----- Task input -----
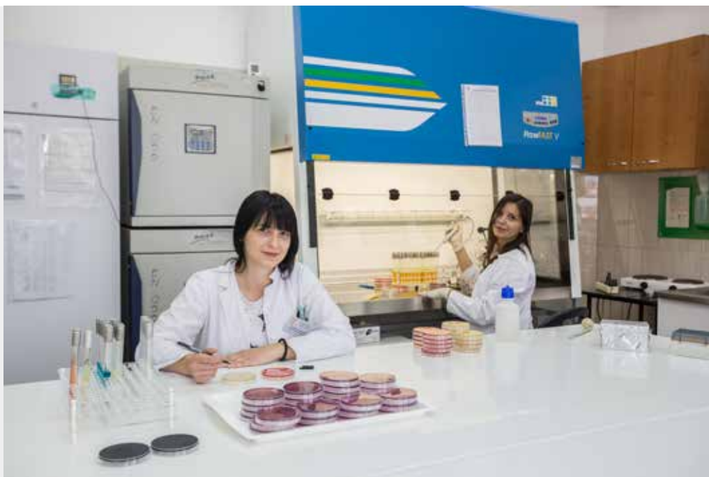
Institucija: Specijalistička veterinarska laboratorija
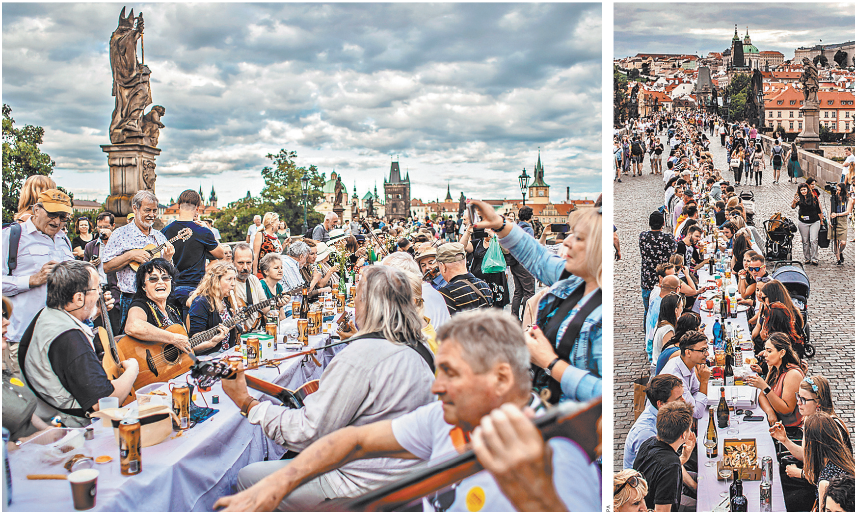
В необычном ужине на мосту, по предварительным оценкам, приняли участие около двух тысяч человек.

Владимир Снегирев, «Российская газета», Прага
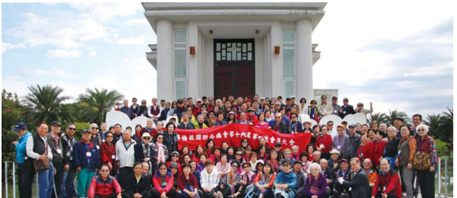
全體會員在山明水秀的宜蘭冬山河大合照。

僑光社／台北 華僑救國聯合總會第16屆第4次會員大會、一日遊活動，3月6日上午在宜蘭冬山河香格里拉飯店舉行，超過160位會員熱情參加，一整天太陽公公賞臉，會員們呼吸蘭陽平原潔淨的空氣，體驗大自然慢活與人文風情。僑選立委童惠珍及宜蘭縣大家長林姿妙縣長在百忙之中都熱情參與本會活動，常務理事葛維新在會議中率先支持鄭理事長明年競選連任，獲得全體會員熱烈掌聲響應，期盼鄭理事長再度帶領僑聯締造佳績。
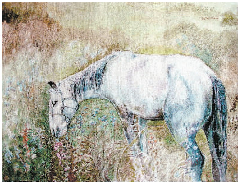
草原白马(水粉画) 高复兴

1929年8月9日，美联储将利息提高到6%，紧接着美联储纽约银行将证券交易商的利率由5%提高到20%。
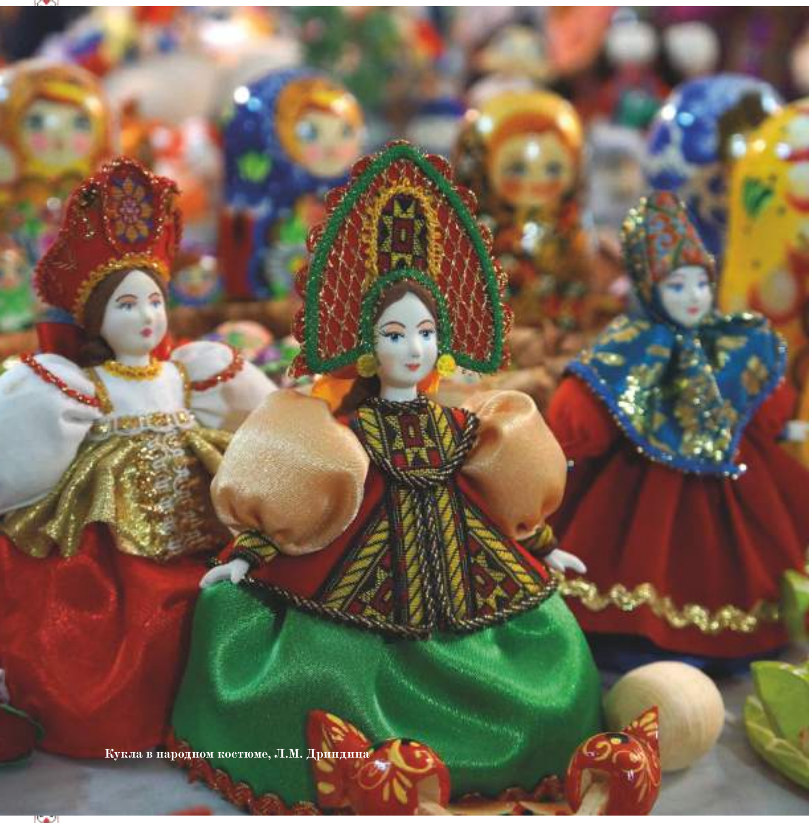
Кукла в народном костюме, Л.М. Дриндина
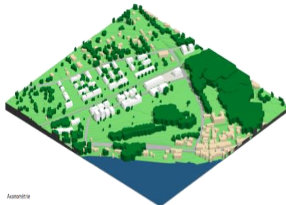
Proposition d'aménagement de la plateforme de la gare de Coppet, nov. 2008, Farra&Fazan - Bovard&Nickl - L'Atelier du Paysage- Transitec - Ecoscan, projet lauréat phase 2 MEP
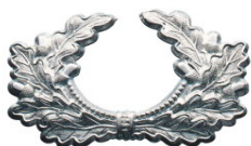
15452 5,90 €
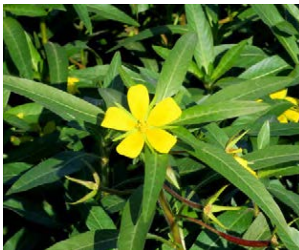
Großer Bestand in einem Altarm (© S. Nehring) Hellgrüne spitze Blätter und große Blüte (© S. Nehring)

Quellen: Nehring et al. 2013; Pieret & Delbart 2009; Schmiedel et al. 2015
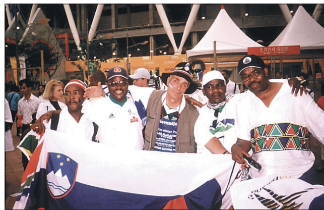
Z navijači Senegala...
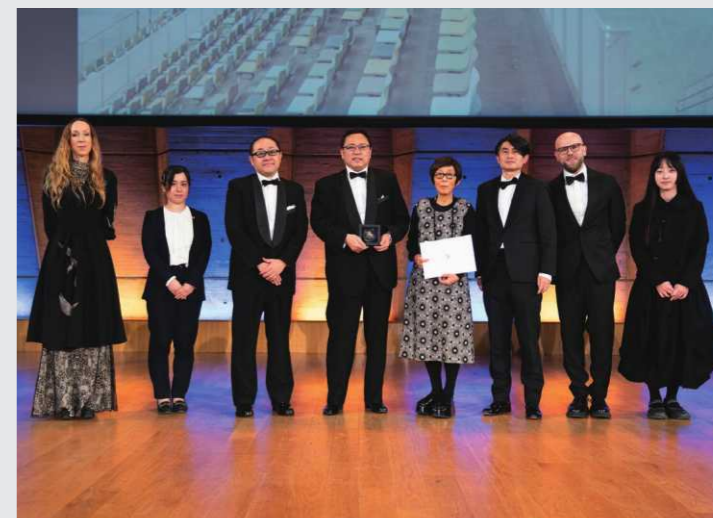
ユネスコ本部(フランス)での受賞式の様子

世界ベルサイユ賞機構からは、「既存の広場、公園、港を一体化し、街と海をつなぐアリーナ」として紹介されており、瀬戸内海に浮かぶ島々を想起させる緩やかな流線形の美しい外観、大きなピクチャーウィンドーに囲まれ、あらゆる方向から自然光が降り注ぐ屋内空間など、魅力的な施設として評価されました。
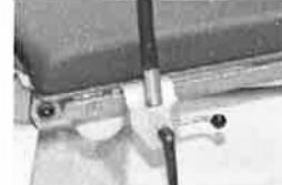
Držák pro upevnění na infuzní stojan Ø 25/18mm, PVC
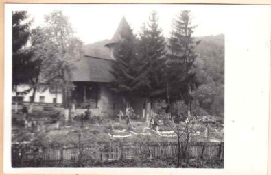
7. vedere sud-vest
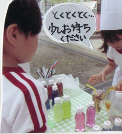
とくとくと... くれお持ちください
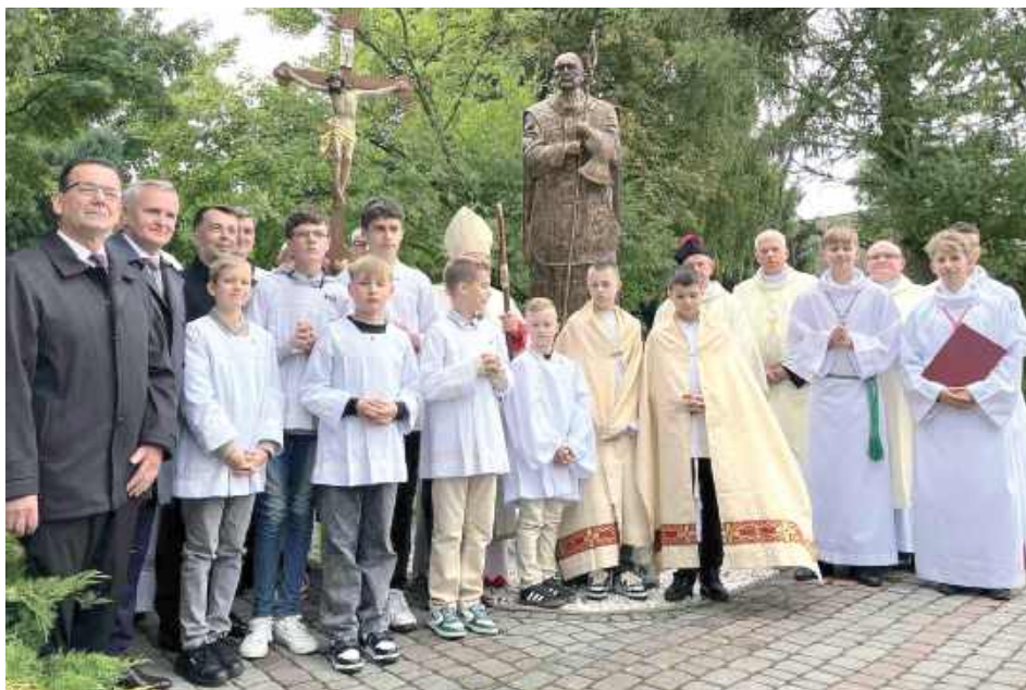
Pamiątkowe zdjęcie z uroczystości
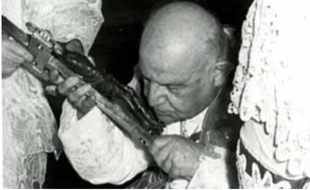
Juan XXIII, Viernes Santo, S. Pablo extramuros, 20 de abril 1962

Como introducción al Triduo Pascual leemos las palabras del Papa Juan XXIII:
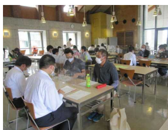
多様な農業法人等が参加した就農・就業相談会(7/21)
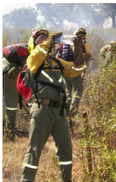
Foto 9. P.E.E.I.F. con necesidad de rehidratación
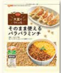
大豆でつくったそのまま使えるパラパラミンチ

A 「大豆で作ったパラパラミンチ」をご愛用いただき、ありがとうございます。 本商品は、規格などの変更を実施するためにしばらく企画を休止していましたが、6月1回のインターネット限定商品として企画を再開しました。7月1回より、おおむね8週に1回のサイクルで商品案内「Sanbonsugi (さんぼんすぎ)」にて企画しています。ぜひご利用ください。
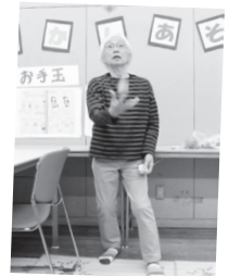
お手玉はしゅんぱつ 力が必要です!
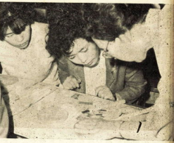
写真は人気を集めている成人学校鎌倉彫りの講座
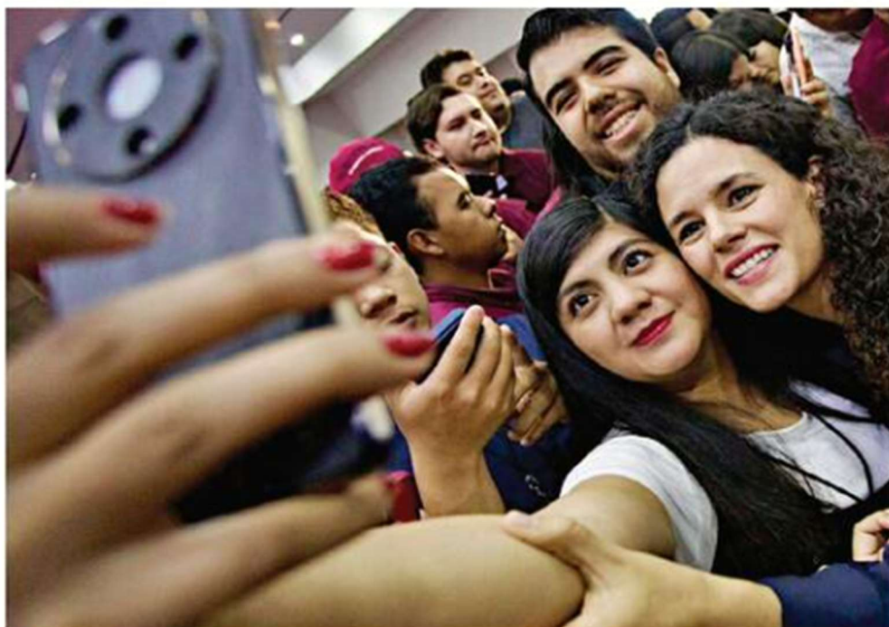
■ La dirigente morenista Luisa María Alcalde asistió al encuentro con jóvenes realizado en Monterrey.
-----
** Work task **
Reproduce exactly and only the lines from the one with "Foto 9. P.E.E.I.F." through the last entry, both included, excluding every picture.

** Answer box **
Foto 9. P.E.E.I.F. con necesidad de rehidratación
大豆でつくったそのまま使えるパラパラミンチ

A 「大豆で作ったパラパラミンチ」をご愛用いただき、ありがとうございます。 本商品は、規格などの変更を実施するためにしばらく企画を休止していましたが、6月1回のインターネット限定商品として企画を再開しました。7月1回より、おおむね8週に1回のサイクルで商品案内「Sanbonsugi (さんぼんすぎ)」にて企画しています。ぜひご利用ください。
お手玉はしゅんぱつ 力が必要です!
写真は人気を集めている成人学校鎌倉彫りの講座
■ La dirigente morenista Luisa María Alcalde asistió al encuentro con jóvenes realizado en Monterrey.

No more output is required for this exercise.